• TASK STATEMENT: The lines you should transcribe are those from the one containing "駅前のすなば珈琲の看板を記念撮影" to the end of the listing below, exactly, with pictures left out.

• DATA BELOW:
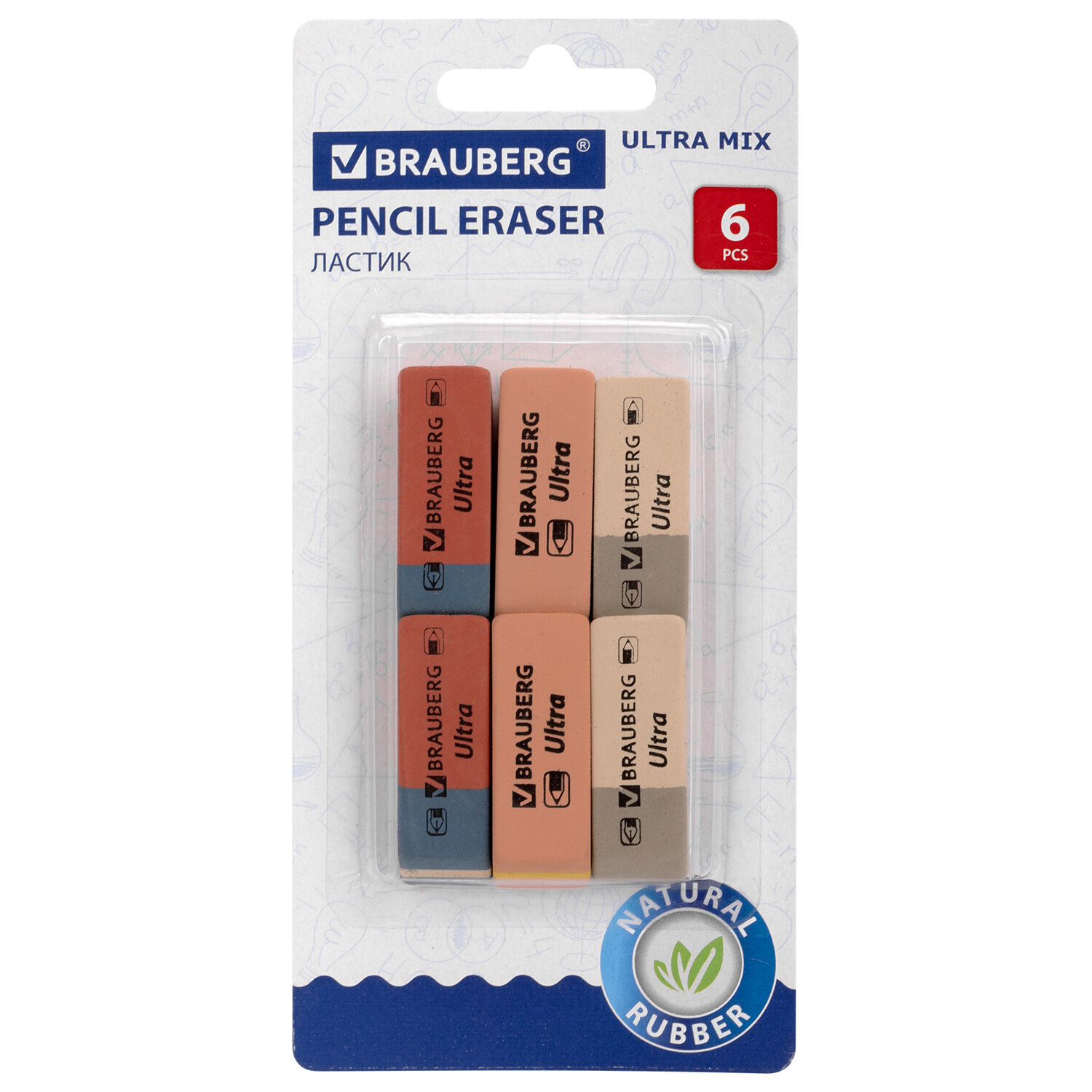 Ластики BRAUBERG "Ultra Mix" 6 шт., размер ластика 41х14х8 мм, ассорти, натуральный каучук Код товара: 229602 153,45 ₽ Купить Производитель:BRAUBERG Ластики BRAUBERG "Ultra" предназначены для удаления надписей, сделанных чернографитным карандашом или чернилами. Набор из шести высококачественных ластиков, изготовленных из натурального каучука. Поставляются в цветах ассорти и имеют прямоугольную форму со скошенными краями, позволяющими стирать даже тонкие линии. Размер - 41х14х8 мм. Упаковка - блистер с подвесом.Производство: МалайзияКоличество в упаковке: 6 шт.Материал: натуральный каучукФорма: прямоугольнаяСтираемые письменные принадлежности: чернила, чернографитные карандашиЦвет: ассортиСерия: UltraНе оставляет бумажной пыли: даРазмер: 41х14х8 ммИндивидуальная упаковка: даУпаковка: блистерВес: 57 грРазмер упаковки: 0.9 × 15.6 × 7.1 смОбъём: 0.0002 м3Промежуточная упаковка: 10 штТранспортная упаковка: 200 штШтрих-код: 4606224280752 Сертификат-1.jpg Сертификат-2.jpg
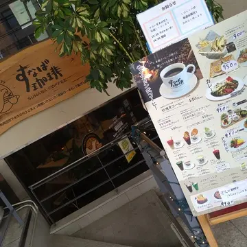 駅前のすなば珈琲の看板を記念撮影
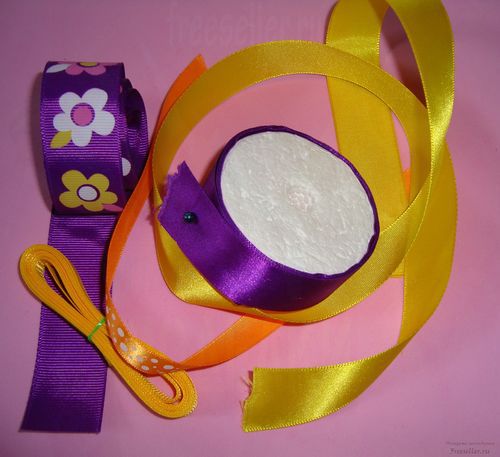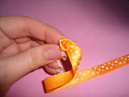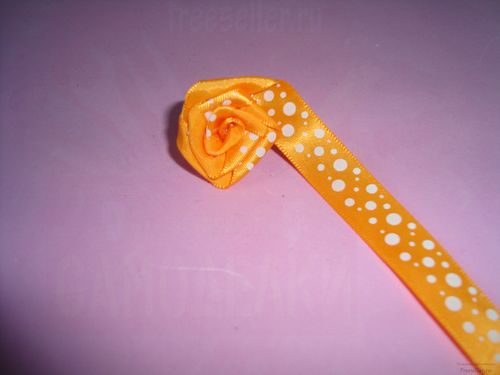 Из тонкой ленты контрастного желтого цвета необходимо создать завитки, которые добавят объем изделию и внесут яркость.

• REPLY TO THE TASK:
 駅前のすなば珈琲の看板を記念撮影
 Из тонкой ленты контрастного желтого цвета необходимо создать завитки, которые добавят объем изделию и внесут яркость.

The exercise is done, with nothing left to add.